Em decorrência do regime especial, foram estabelecidas, entre outras, as seguintes restrições ao contribuinte: a) recolhimento compulsório do ICM, antes da saída e antes da entrega ao destinatário; b) vedação, aos negociantes compradores, de utilizarem o crédito a que têm direito, quando desacompanhados de “guia especial” de pagamento do tributo por parte do vendedor; c) retenção dos talonários de nota fiscal, para aposição de um carimbo, mostrando que o contribuinte se encontra sob “regime especial” e d) publicação do ato impositivo da Administração, na imprensa oficial.

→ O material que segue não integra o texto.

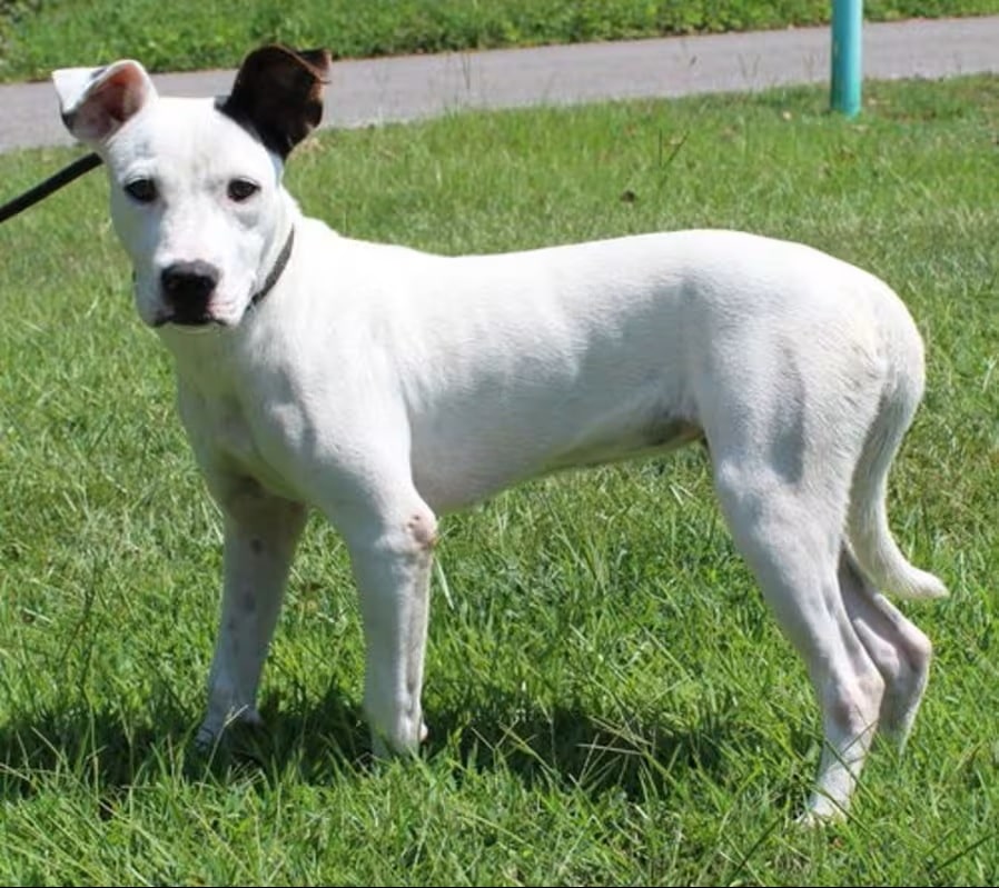 Nillah (formerly known as Snuggles) is an 11–month-old female Terrier mix who must be spayed before adoption. She is a return adoption because her owner was starting school; her original shelter name was Snuggles because she was a precious, snuggly little puppy. Nillah has a solid white coat; and she has a black ear! This girl has beautiful eyes that you really can’t see in her pictures. She weighs 35 pounds so she is a medium sized dog. Nillah is overwhelmed by the sights and sounds at the shelter. She is very timid, shy, and it takes her a moment to warm up to you. Nillah is very calm, well behaved, and walks nicely on a leash. She would be fine with children and other dogs. Nillah is a very nice dog who can’t wait to find a home and a sweet owner.

A questão de saber da constitucionalidade das medidas aplicadas no “regime especial” de pagamento do ICM é matéria já conhecida desta Corte, que, pelo menos em três assentadas, pelas suas duas Turmas, teve ocasião de pronunciar- se em sentido contrário à sua imposição, sob o fundamento de que as sanções, cominadas ao contribuinte, carecem de respaldo constitucional, particularmente à vista da inaceitável margem de arbítrio reservada aos agentes do Fisco. Assim, no Recurso Extraordinário n. º 106.759 (RTJ 115-1439), decidiu esta Turma, em hipótese idêntica àquela dos presentes autos, conhecer do recurso do contribuinte e dar-lhe provimento, em acórdão cuja ementa, bem sintetiza a orientação consagrada por este Supremo Tribunal:

“ICM. Regime especial. Sanções não impostas por lei e entregues ao exclusivo arbítrio da autoridade fiscal. Inaceitabilidade. Precedentes da Corte. Recurso extraordinário conhecido e provido.”

Daquela assentada, realço, pela inteira pertinência ao deslinde da espécie em exame, a seguinte passagem do voto do eminente Ministro Oscar Corrêa, Relator:

“O regime especial imposto pelo Regulamento paulista (Decreto n.º 5.410/74, substituído pelo Decreto n. º 17.727/81) deixa ao critério da autoridade as normas do regime especial a que se submeterá o contribuinte (arts. 490/491), pelo período que for fixado.

Ora, é inaceitável esse arbítrio da autoridade, ilimitado, que não se compadece com o regime de legalidade tributária vigente entre nós, garantia essencial da ordem jurídica.” (RTJ 115/1442).

A mesma orientação fora adotada, por este Tribunal no julgamento dos Recursos Extraordinários n.º 76.455 (RTJ 73-821), Relator o em. Ministro LEITÃO DE ABREU e n.º 100.918 (RTJ 111-1307), Relator o em. Ministro MOREIRA ALVES, sublinhados, em ambas as oportunidades o caráter de

penalidade ou sanção política das cominações originárias do regime especial,

171

Conheço e dou provimento ao recurso, para restaurar a sentença de primeiro grau.” (grifos nossos).

A sanção política vai à contramão do que desejou o sujeito passivo, porque o povo não desejou sofrer abusos ou ver seu patrimônio degradado pela ação da administração pública. Isso até seria possível no período em que o país era regido pelo regime militar, no qual não havia qualquer limite, salvo os aplicados pelo próprio regime militar.

No Brasil, vigora hoje a democracia, com a participação do povo na construção do cenário legislativo, e qualquer exercício que implique a agressão aos direitos e garantias individuais fere o Estado Democrático de Direito.